[Source data]
------------------------------------

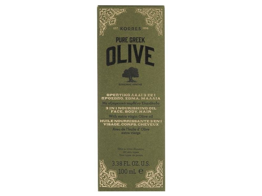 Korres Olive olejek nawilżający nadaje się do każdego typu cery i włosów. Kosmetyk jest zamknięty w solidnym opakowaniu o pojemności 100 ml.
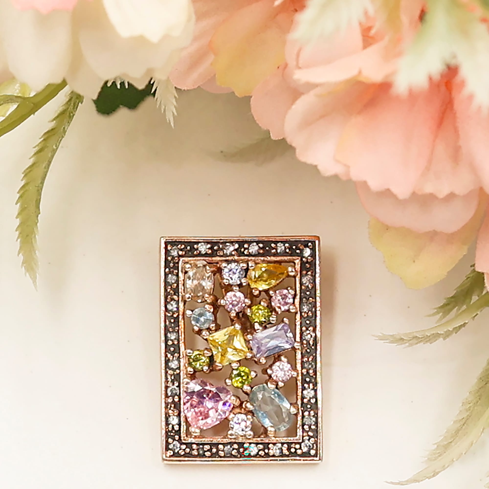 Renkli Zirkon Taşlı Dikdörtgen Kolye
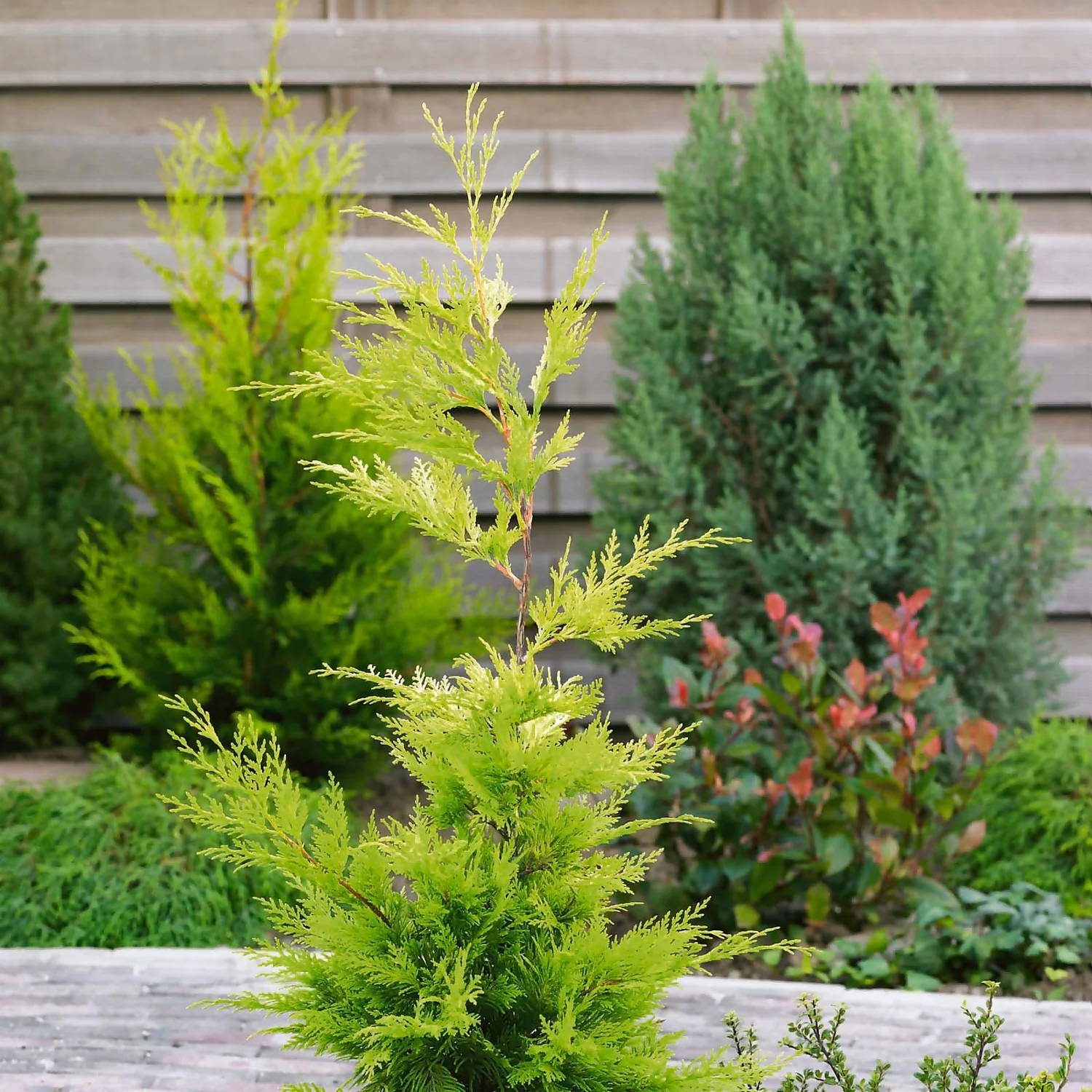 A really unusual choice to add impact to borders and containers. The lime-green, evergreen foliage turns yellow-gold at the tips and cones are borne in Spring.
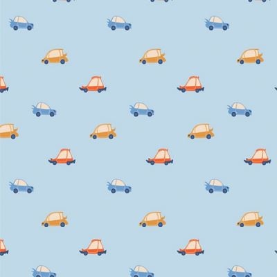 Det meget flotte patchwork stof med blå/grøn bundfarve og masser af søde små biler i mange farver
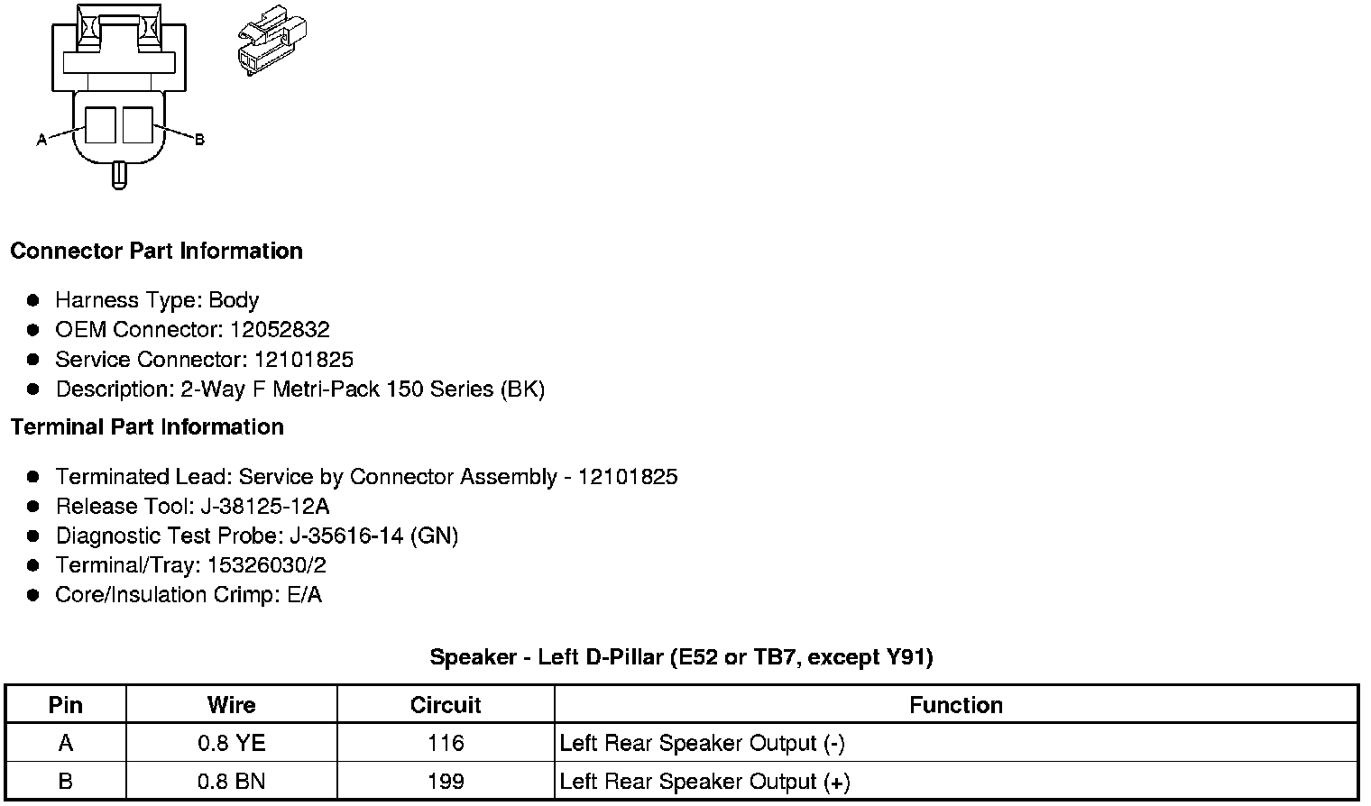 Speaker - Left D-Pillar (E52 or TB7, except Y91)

------------------------------------

▶ **Task description**
Reproduce exactly, and only, the lines that begin at the one containing "A really unusual" and end with the final line of the data, both included, while omitting every picture.

▶ **Solved problem**
 A really unusual choice to add impact to borders and containers. The lime-green, evergreen foliage turns yellow-gold at the tips and cones are borne in Spring.
 Det meget flotte patchwork stof med blå/grøn bundfarve og masser af søde små biler i mange farver
 Speaker - Left D-Pillar (E52 or TB7, except Y91)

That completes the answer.